The other oddity in the reaction to Bayern's defeat has been the number of attacks on Guardiola and the assertion that tiki-taka is dead. In five seasons as a manager, Guardiola has won four league titles, two domestics cups (and is in another final), two Champions Leagues and three Club World Cups. Even given the dominance of the present era of superclubs, that is a phenomenal record. But the idea that tiki-taka is over, that Barcelona's defeat to Bayern last season and Bayern's defeat to Real Madrid somehow invalidate an entire philosophy, is to misunderstand the whole nature of tactics.

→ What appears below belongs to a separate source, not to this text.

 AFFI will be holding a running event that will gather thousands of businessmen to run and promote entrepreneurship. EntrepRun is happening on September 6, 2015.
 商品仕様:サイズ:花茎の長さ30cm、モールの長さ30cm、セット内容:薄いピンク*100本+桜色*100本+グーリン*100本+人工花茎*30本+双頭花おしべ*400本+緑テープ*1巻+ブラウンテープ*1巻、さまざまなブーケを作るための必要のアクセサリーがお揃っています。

In tactics there are no absolute rights and there aren't many absolute wrongs: there is certainly no magic formula. Tactical theorists aren't like alchemists searching for the quintessence that will explain everything. There is evolution and development in tactical thinking, but everything is contingent on other factors; the same structuralist theory that underpinned Bakema teaches that nothing is not relative. Tiki-taka worked so well at Barcelona in part because of the technical ability of the players, in part because opponents were still adjusting to changes in the offside law and in part because of the intensity of their play. You can get away with a high line and passers rather than defenders in the back line only if there is ferocious pressure on the ball.
One of the reasons for Barcelona's slide from the very peak is that they have lost that intensity: stats from Whoscored.com show that Lionel Messi, for instance, has gone from retrieving possession through tackles or interceptions 2.1 times per league game in 2010-11 to 0.6 this season. Bayern were noticeably lacking in zip and zest in both legs against Real Madrid, perhaps because after such a glut of success over the past two seasons their hunger has been dulled, perhaps because they have won the league so easily this season that a certain edge has been lost and perhaps because Guardiola made tactical errors.
There are those who have argued that Bayern destroyed tiki-taka in the semi-final last season and that it was therefore an enormous error to try to implement it at Bayern this season. That, though, is to ignore the fact that Bayern last season were a highly proactive, possession-oriented side in pretty much every game other than those against Barcelona: domestically, only Barcelona had more possession in the top five leagues in Europe last season; only Barcelona had more possession in the Champions League group stages last season. In those semi-finals, Jupp Heynckes recognised that Barcelona were better at retaining possession and so set his side up to play reactively, with great success.
None of that means tiki-taka is finished as a system. None of that means teams will not continue to try to control games through possession. What does seem to be the case, though, is that the examples of Inter in 2010 and Chelsea, against both Barça and Bayern in 2012, has radicalised the approach of reactive teams when encountering tiki-taka, and that will probably prevent it ever again enjoying the pre-eminence it enjoyed at Barcelona between 2009 and 2011 – just as Total Football, or at least the version with an aggressively high defensive line, never quite dominated the club game again after the break-up of Ajax after the 1973 European Cup final. It was a specific way of playing for a specific set of players in a specific set of circumstances at a specific time. Its influence was profound, as that of Guardiola's Barcelona was and assuredly will continue to be. Whether that style will ever dominate in the same way again is another issue. Once the evolutionary wheel has turned, it rarely goes back.